I feel so at home in Dublin, and so removed from it, at the same time.
I have been here now for almost two weeks and been so happy to chill out in my friend’s lovely house.
I was born here and lived here for the first 25 years of my life. On some streets I know every crack in the pavement, every stone in the wall. I walked home from school, along the same pavement every day for four years. I remember the overgrown garden where I was convinced I saw a bear standing at the gate.
I know the place; I feel at home and yet I feel so outside it all.
Yesterday my very good friend’s husband became very ill and was admitted to hospital.
I was horrified and so scared and felt so out of my depth.
Living on a boat, with an ever changing community, I am so protected from real life in some ways.
I am very aware that in some cases life can become as small as people’s boat. Life becomes 48 foot long.
And so contained …. and become as important as a bilge pump, or a broken loo or engine. You have to guard against these things feeling all important.
When living in rural Co. Galway, it only took a visit to the local shop for your own small worries to be put sharply into perspective. “Did you hear about Dan O’Reilly up at the crossroads? Desperate; only 38 and he leaves a young family.”
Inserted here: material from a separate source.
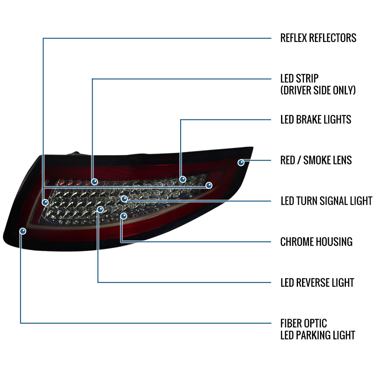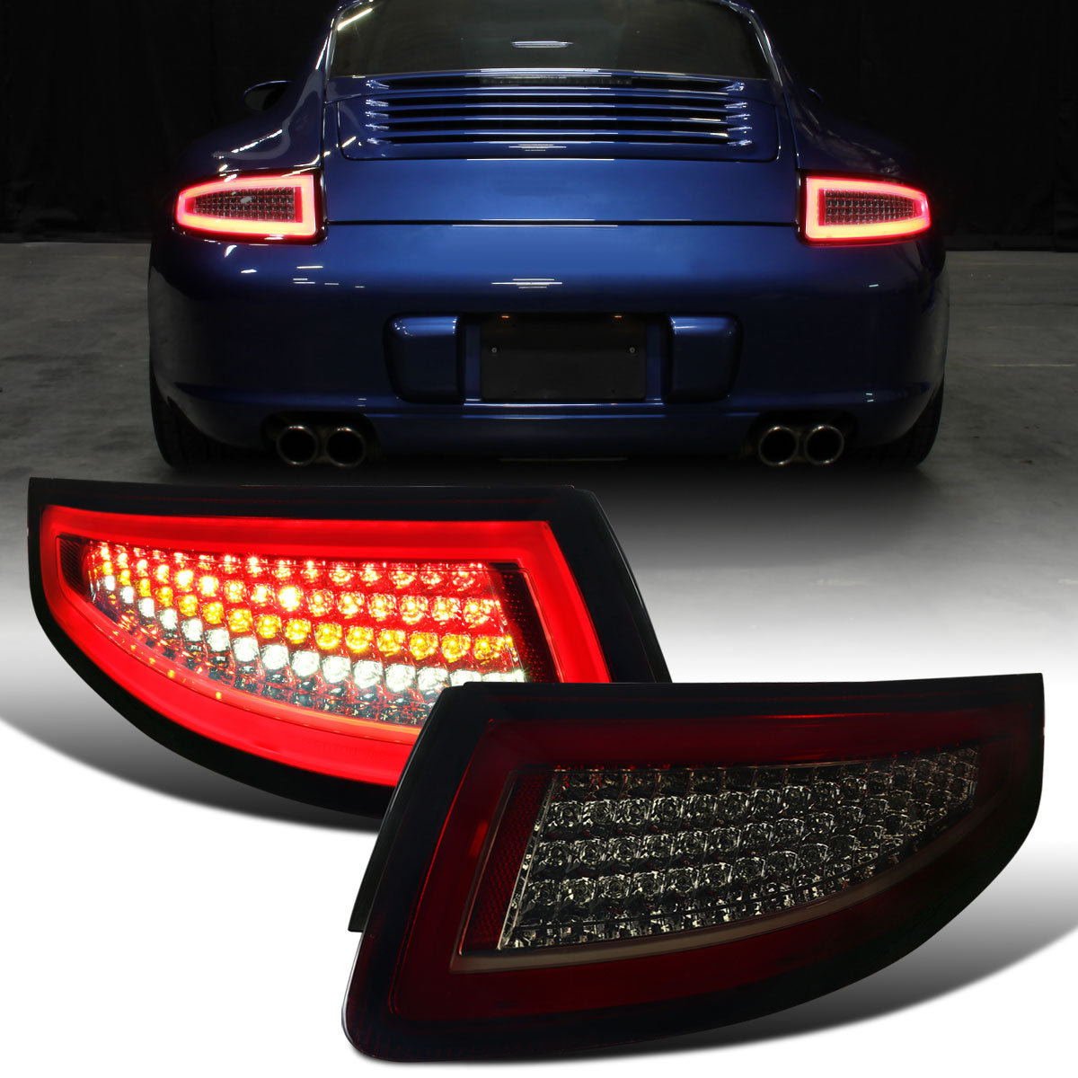 Ronnin - Fits 2005-2008 Porsche 911 997 Carrera Targa 2007-2009 Porsche 911 GT2 GT3 Turbo Upgraded Full LED Tail Lights Replacement Assembly Pair | Smoke
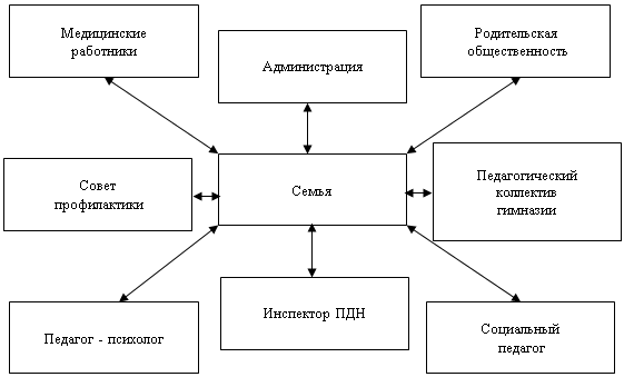 детей группы риска. Схема: Работа гимназии №6 с семьей Целью поискового этапа является оказание поддержки и принятие подростком на себя ответственности за возникновение и решение проблемы с использованием данных диагностического этапа; помощь в выявлении связанных с проблемой факторов и обстоятельств, причин, которые привели к затруднению. Поисковый этап предполагает и поддержку в определении цели предстоящего выбора: по ходу выяснения факторов и причин проявляются предварительные "рабочие" выводы и способы достижения целей как выхода из проблемы. Задача педагога поддержать подростка в любом выборе и выразить готовность помочь в любом случае. Договорный - проектирование действий педагога и ребёнка группы риска (разделение функций и ответственности по решению проблемы), налаживание договорных отношений и заключение договора в произвольной форме. В зависимости от характера проблемы и причин её вызвавших специалист применяет ту или иную социально-педагогическую технологию, разрабатывает совместно с подопечным наиболее оптимальные варианты разрешения того или иного противоречия Деятельностный - для обеспечения успеха педагог поддерживает подростка и морально - психологически, и, если надо, прямо защищать его интересы и права перед сверстниками, родителями, учителями, если это связано с обеспечением безопасности на пути самостоятельного действий. Рефлексивный этап - это обсуждение с ребёнком группы риска продвижение к решению проблемы. Опыт работы по комплексному сопровождению детей группы риска в гимназии показывает, что очень важно помочь ребёнку, замечать те изменения, которые происходят как в нем самом, так и вокруг него. По мнению специалистов, осуществляющих данную технологию в гимназии, рефлексивный этап может быть выделен как самостоятельный. Деятельность гимназии направлена на оказание своевременной помощи детям группы риска и привлечение специалистов для поддержки образовательного учреждения в профилактической работе с ними. Таким образом, гимназия решает две главные задачи: организация действенного взаимодействия специалистов социально-педагогических и других организаций в решении проблем несовершеннолетних; создание локальных (индивидуальных) программ профилактики правонарушений. §2.3 Программа "Жизнь дается один раз" В последние годы в подростковой среде наблюдается рост наркомании, курения, пьянства, токсикомании, что является причиной увеличения числа детей группы риска. Поэтому на заключительном этапе своей исследовательской деятельности по проблеме социально-педагогическое сопровождение детей группы риска мы опробировали программу "Жизнь даётся один раз" с учениками старших классов гимназии. Цель программы: Объединение основных участников профилактического процесса (образовательных, социальных, медицинских) для обеспечения условий профилактики употребления наркотических средств, психоактивных веществ, для создания условий полноценного развития ребенка, его социальной адаптации. Профилактика безнадзорности и правонарушений. Задача, которую мы перед собой ставили заключалась в организации и осуществлению действенной профилактики правонарушений, потребления наркотиков и других социальных отклонений среди подростков. Данную задачу нам помогали решать специалисты: пс

And more and more and more stories of woe and heartbreak. Part of me felt glad to be part of a community that genuinuly cared about these tragedies and was certainly not afraid to talk about them endlessly, but part of me felt mad at how often they dwelt on the sadness and sorrow of life. If you weren’t careful you would take it all on and never leave the house. Always a reason NOT to do something.
I’m home now for a month visit and I’m out of my depth. Not all the time but quite a lot.
The huge supermarkets overwhelm me. The traffic, the cars, the motorways,
We left to live on a boat to have adventures with our kids and to simplify life. To move right away from consumerism, social pressures and the rat race.
We have and it’s been wonderful and interesting and a huge learning curve.
But during this time some of my friends have had to learn to live with ill health.
Very, very scary things. They have young children.
I salute them. Today I had a wonderful day with a friend who has been living with cancer for three years and more. I salute her. She has the same wonderful laugh that livened up most school days. I think I laughed today more with her than I have for a good while. While, at the same time, being scared out of my mind for my friend undergoing surgery in hospital.
Life..it’s so wonderful and so desperately scary.
The operation went well. I am so grateful.